Lembrança do nosso outeiro
Descalços, de botas cardadas ou de botas de água a que
hoje chamamos galochas, os rapazes de Troino, de calções vestidos, subiam ao
outeiro e dali lançavam os seus papagaios de papel, naqueles tempos em que com
o aproximar do mês de dezembro já se faziam sentir fortes vendavais.
Os papagaios eram construídos pelos próprios rapazes,
recorrendo a canas verdes para fazer a armação e a papel de jornal para o
revestimento, alguns que conseguiam arranjar alguns trocos compravam papel
colorido na papelaria do Largo da Fonte Nova dando assim uma visão mais
agradável ao seu papagaio.
E, porque não havia dinheiro para luxos, o papel era
colado recorrendo ao sabão preto ou a cola feita pelos próprios moços,
recorrendo aos caroços de marmelo.
O grande rolo de fio para prender o “bicharoco” era
aquele utilizado pelos pescadores que generosamente doavam aos rapazes.

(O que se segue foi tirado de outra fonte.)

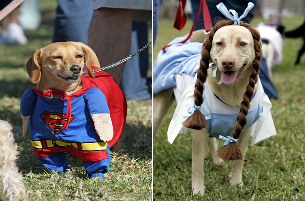 圖片十二:在美國加州長灘舉行的萬圣節服裝游行上,一種短腿長身的德國種獵犬芭比裝扮成超人的模樣;右圖中這個小狗的造型你熟悉么?它是來自新奧爾良的洛克西,它扮演的就是《綠野仙蹤》中的小女孩多羅茜。(鐘巖)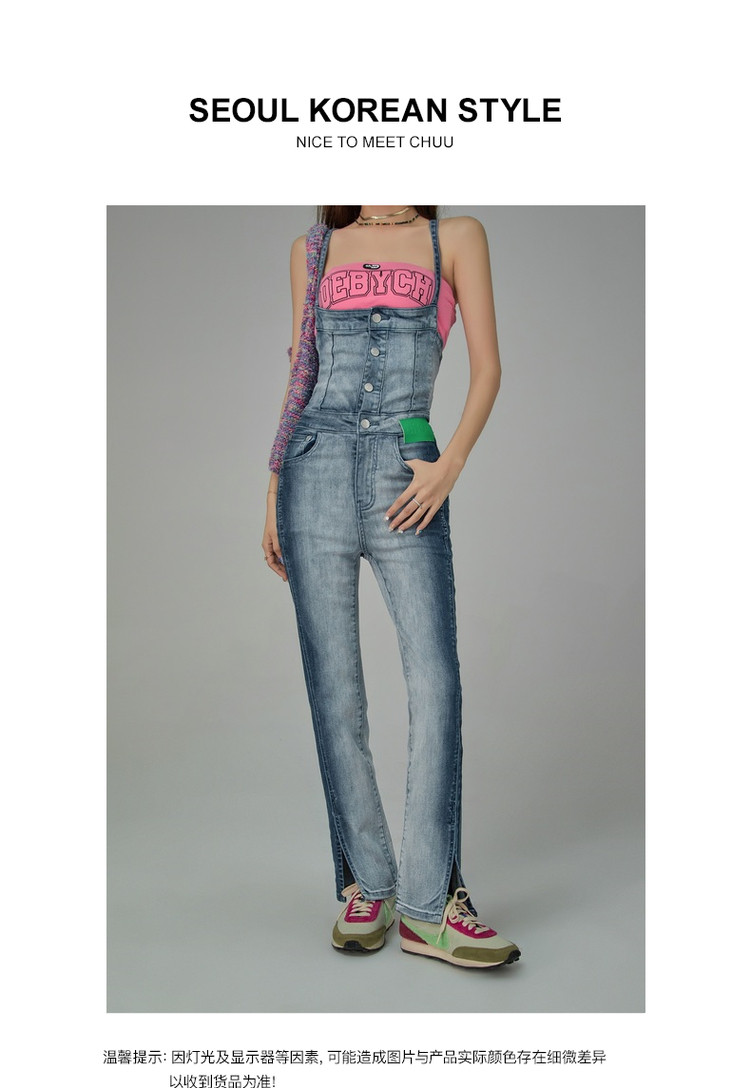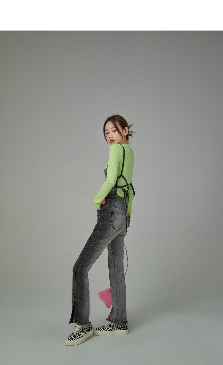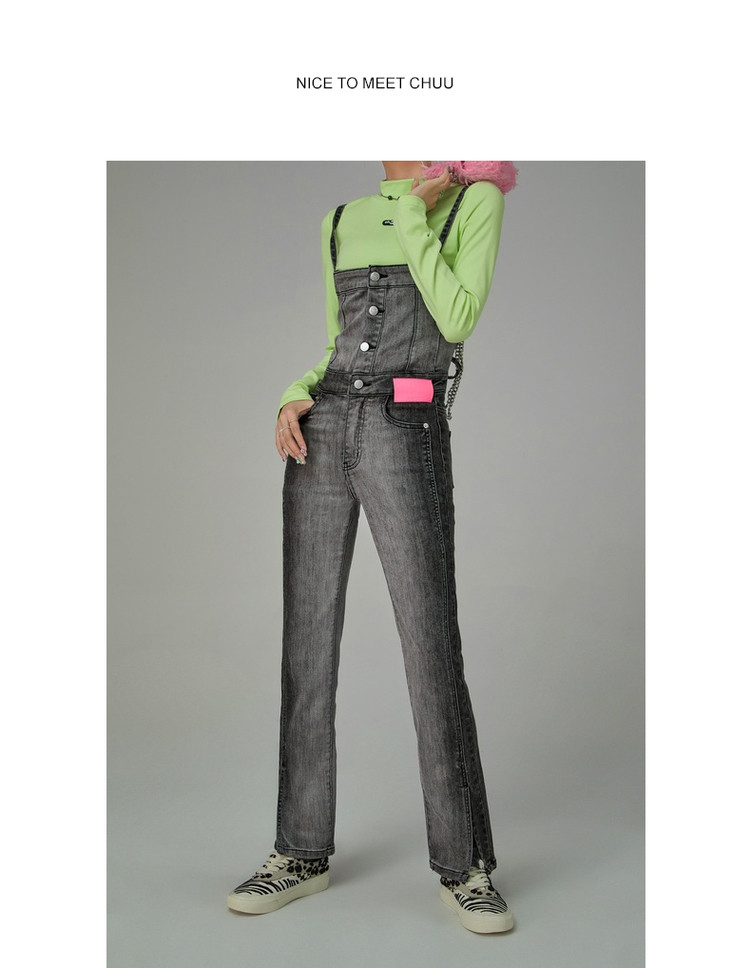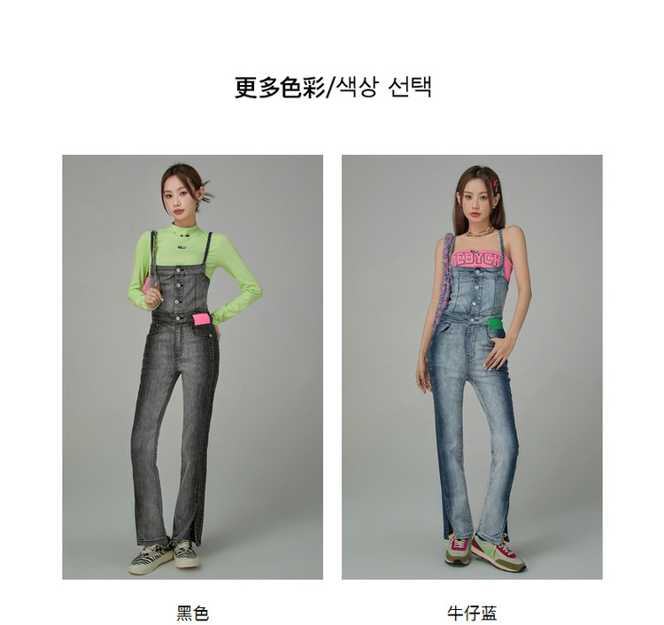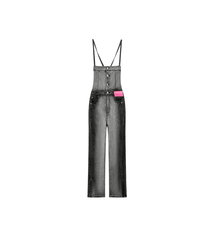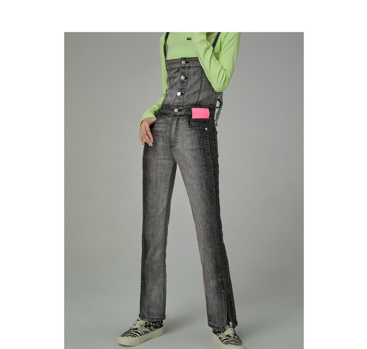 商品名称:甜辣性感露背背带牛仔裤女春秋时尚潮黑灰渐变长裤子 395411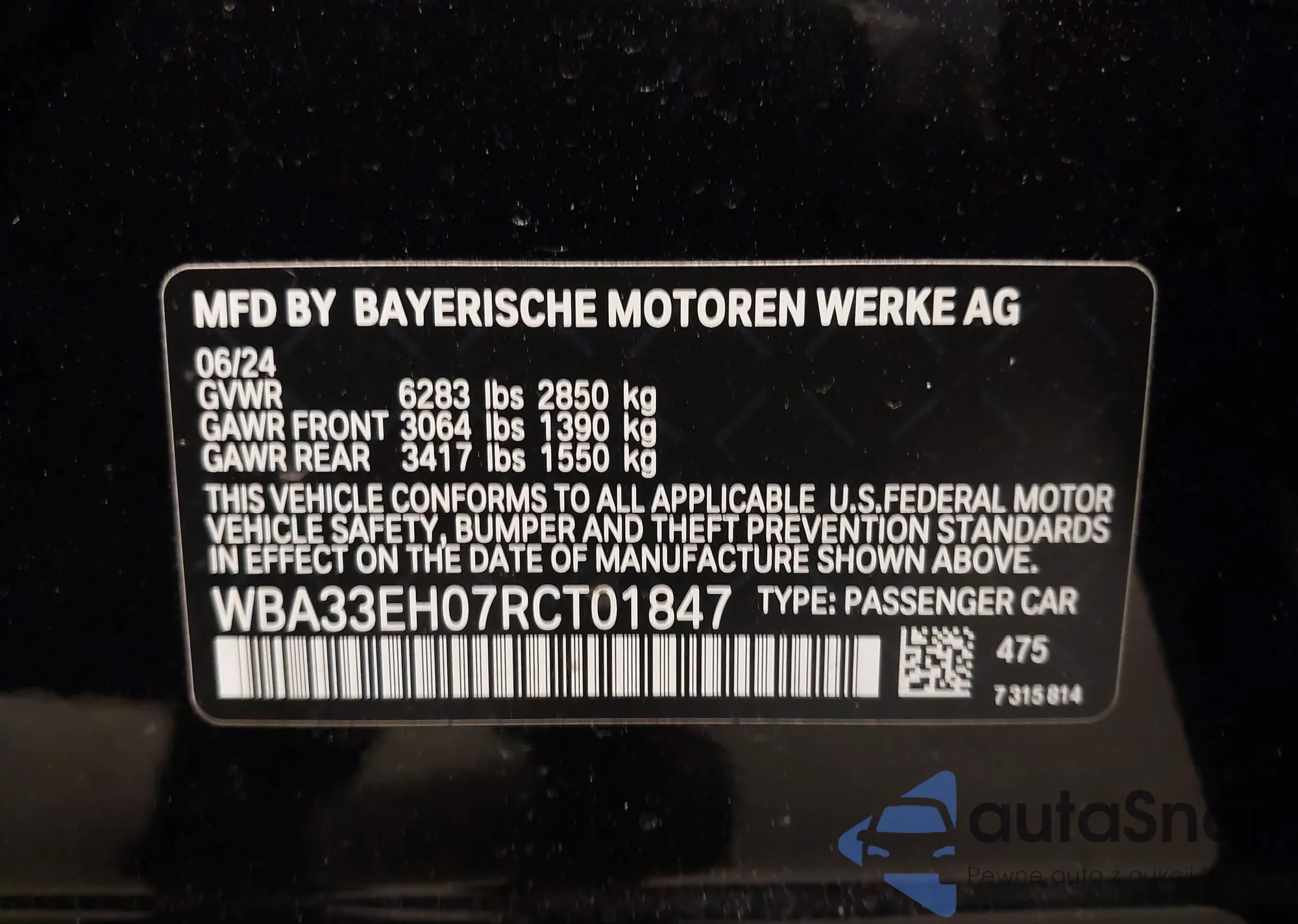 LOT: 43994034 VIN: WBA33EH07RCT01847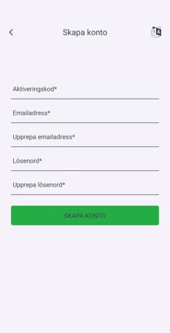 3. I översta fältet fyller du i din lägenhetskod som du fått av t.ex. styrelsen. Fyll sedan i resten av uppgifterna och tryck på Skapa Konto.

Em dias ventosos era uma alegria naquele outeiro, por
cima da Fonte da Charoca, aquela construída em nicho na Rua das Oliveiras, ver
os papagaios voando lá no alto, tentando cada um superar o outro na altura a
que chegavam, esvoaçando sobre os telhados do casario daquele antigo e popular
bairro, dominado pela torre da Igreja de Nossa Senhora da Anunciada, onde se
radicaram os pescadores oriundos das quentes terras algarvias.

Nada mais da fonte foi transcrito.